Spreadsheet Quick Guide

Table of contents

  1. Before you start
  2. Spreadsheet tab organization
    1. Tab layout
    2. Project metadata tabs
    3. Biomaterial metadata tabs
    4. File metadata tabs
    5. Protocol metadata tabs
  3. How to link entities
    1. Linking biomaterials and files
    2. Linking biomaterials and protocols
  4. How to indicate a library preparation was sequenced more than once
  5. How to link more than one entity in a cell
  6. Example spreadsheets
  7. Additional guidelines on how to curate specific technologies
  8. Additional resources about HCA metadata

Google Sheets and Excel spreadsheets are used to gather metadata about your project. This document is a brief walkthrough to help you get started filling out an HCA metadata spreadsheet.

If you have any questions at any stage while filling out the spreadsheet, please contact the data wrangling team at:
wrangler-team@data.humancellatlas.org.

Before you start

Metadata is represented in a spreadsheet with tabs that relate to the experimental design. For example, an Organoid tab would be included if an experiment includes organoid samples, whereas a Donor organism tab would be included if your experiment derived from a Donor. If you think your spreadsheet is missing fields or tabs to properly describe your experiment, please contact a data wrangler at wrangler-team@data.humancellatlas.org.

Spreadsheet tab organization

Metadata is collected for each component of your experiment, for example: project, donor, sequence file, and dissociation protocol. We refer to each component as an entity.

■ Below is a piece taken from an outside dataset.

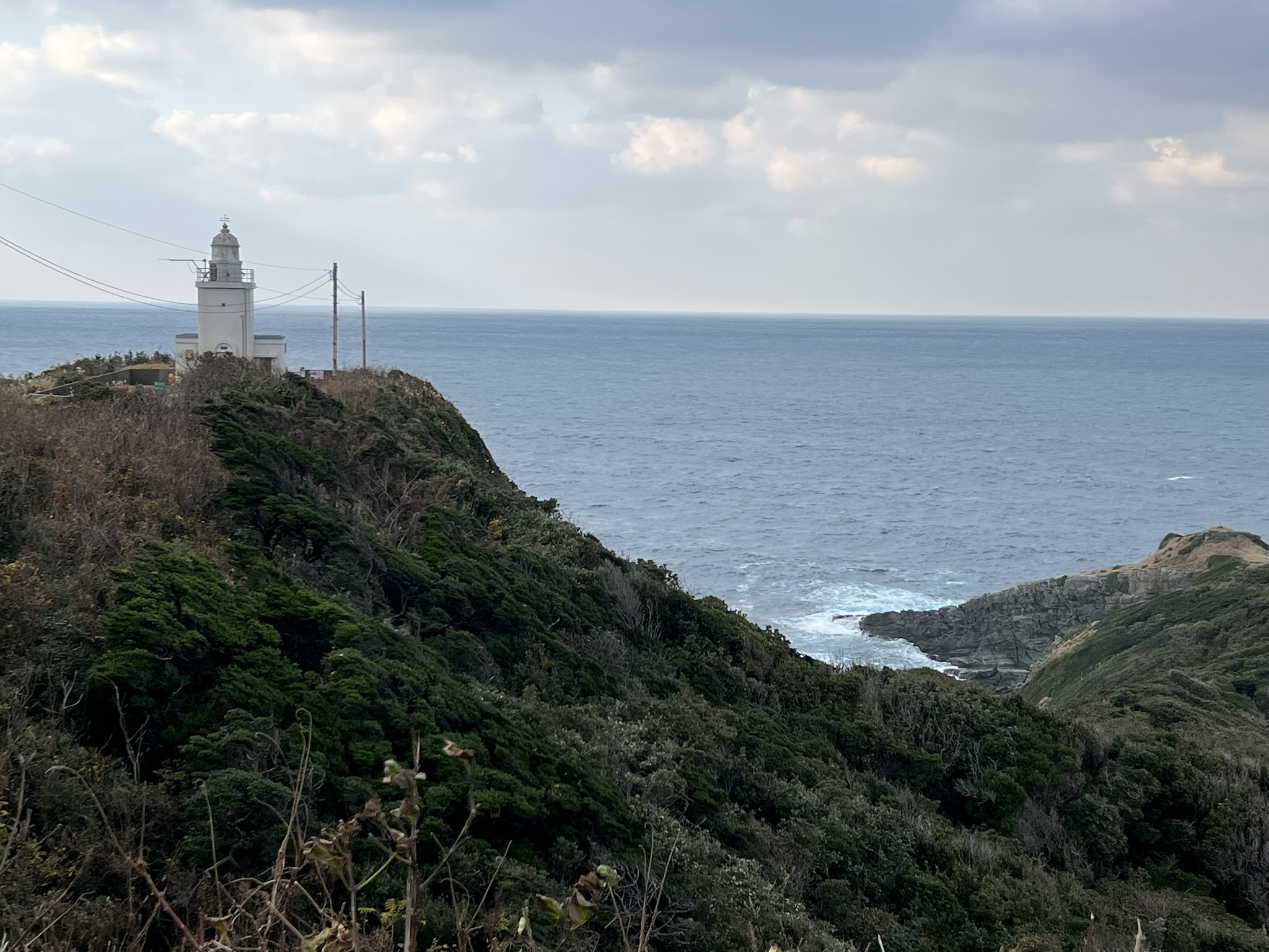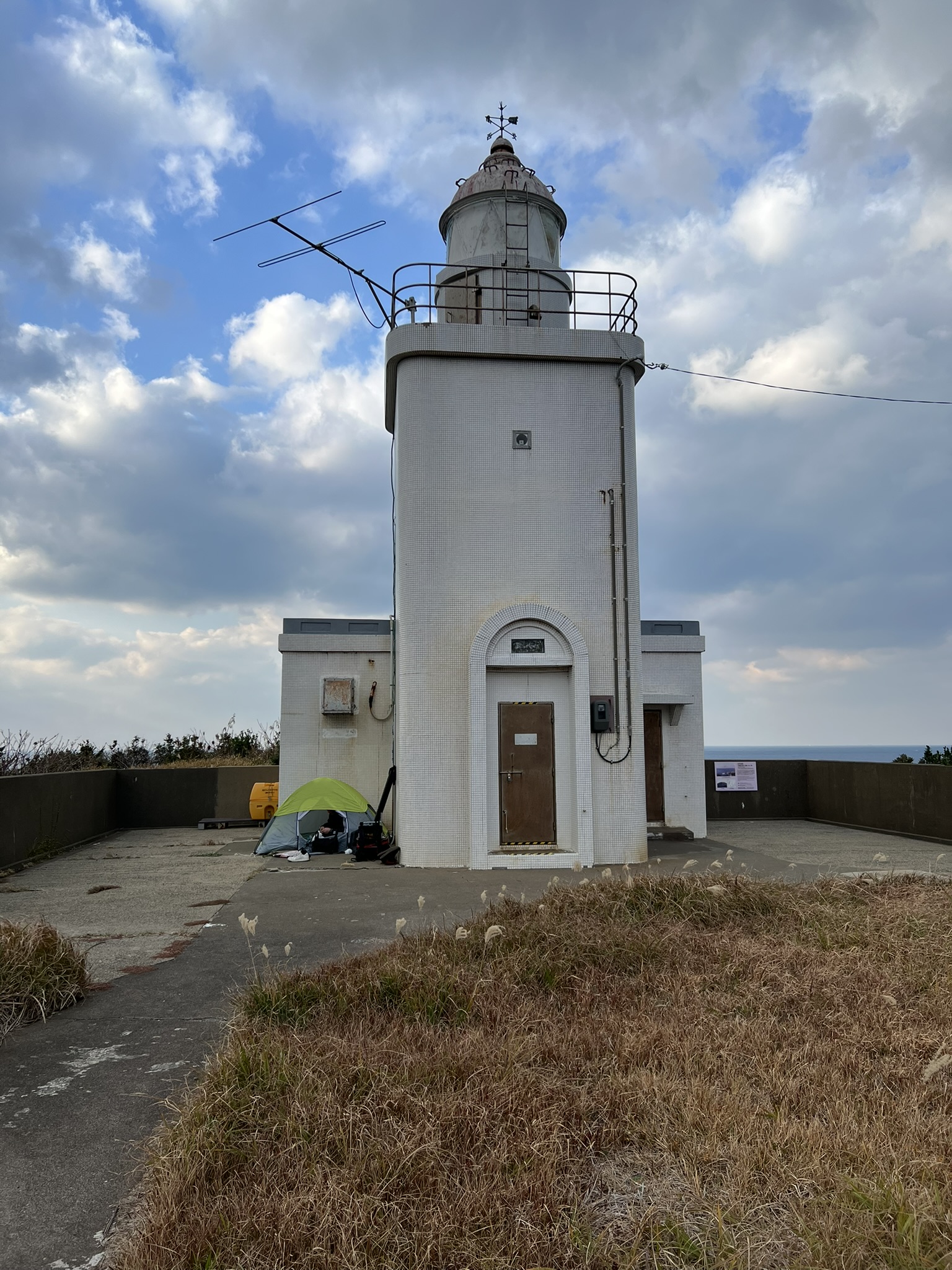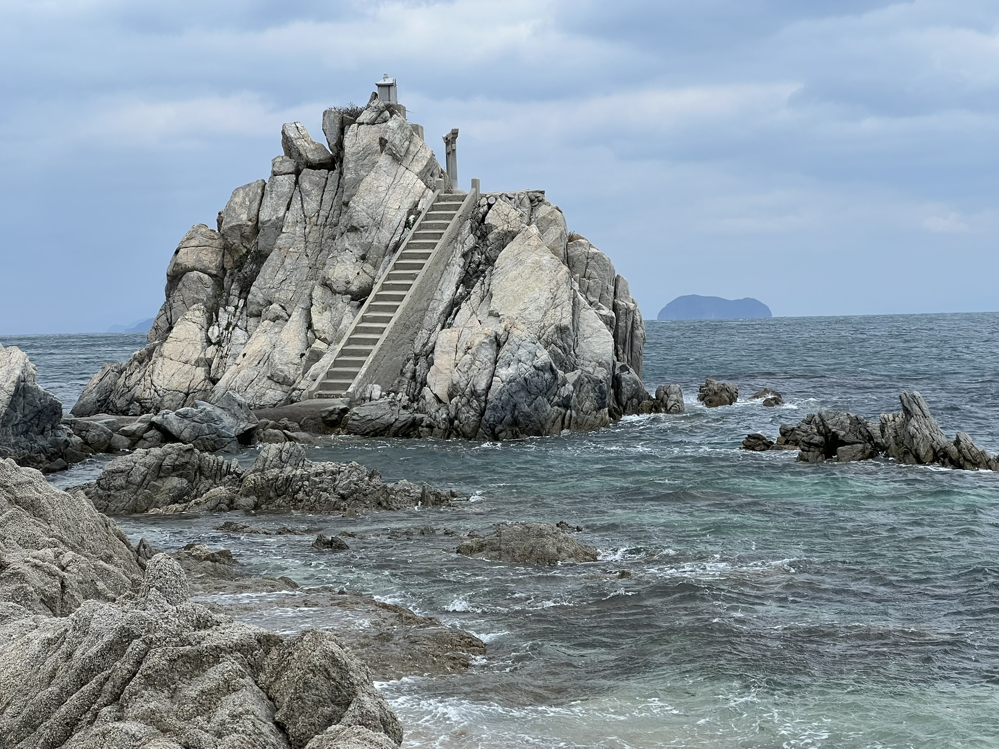 南端の灯台わきの砂浜に上陸。灯台までは浜から階段があった。

Each of these entities has a separate tab in the spreadsheet.

Each row in each tab corresponds to one instance of the entity described by the tab name. For example, in the Donor organism tab, each row describes one donor. In the Sequence file tab, each row describes one sequence file. The same applies for the Analysis file tab. Only one row in the Project tab should be filled in to describe the whole project.

Tab layout

All tabs share some common properties:

  • The first row is the metadata field name
  • The second row is the field description
  • The third row contains one or two example values and guidelines, when appropriate, separate examples are separated with ;
  • The fourth row is used for programmatic spreadsheet processing and is hidden
  • The fifth row is intentionally left blank
  • You should enter your values from the sixth row down

Project metadata tabs

The following tabs should be in your spreadsheet as they apply to most projects:

  • Project (fill out one row)
  • Project - Contributors
  • Project - Funders
  • Project - Publications (only fill out if your data has been published or has a pre-print)

Biomaterial metadata tabs

We use the term ‘Biomaterial’ to refer to all parts of your experiment that derive from a biological source.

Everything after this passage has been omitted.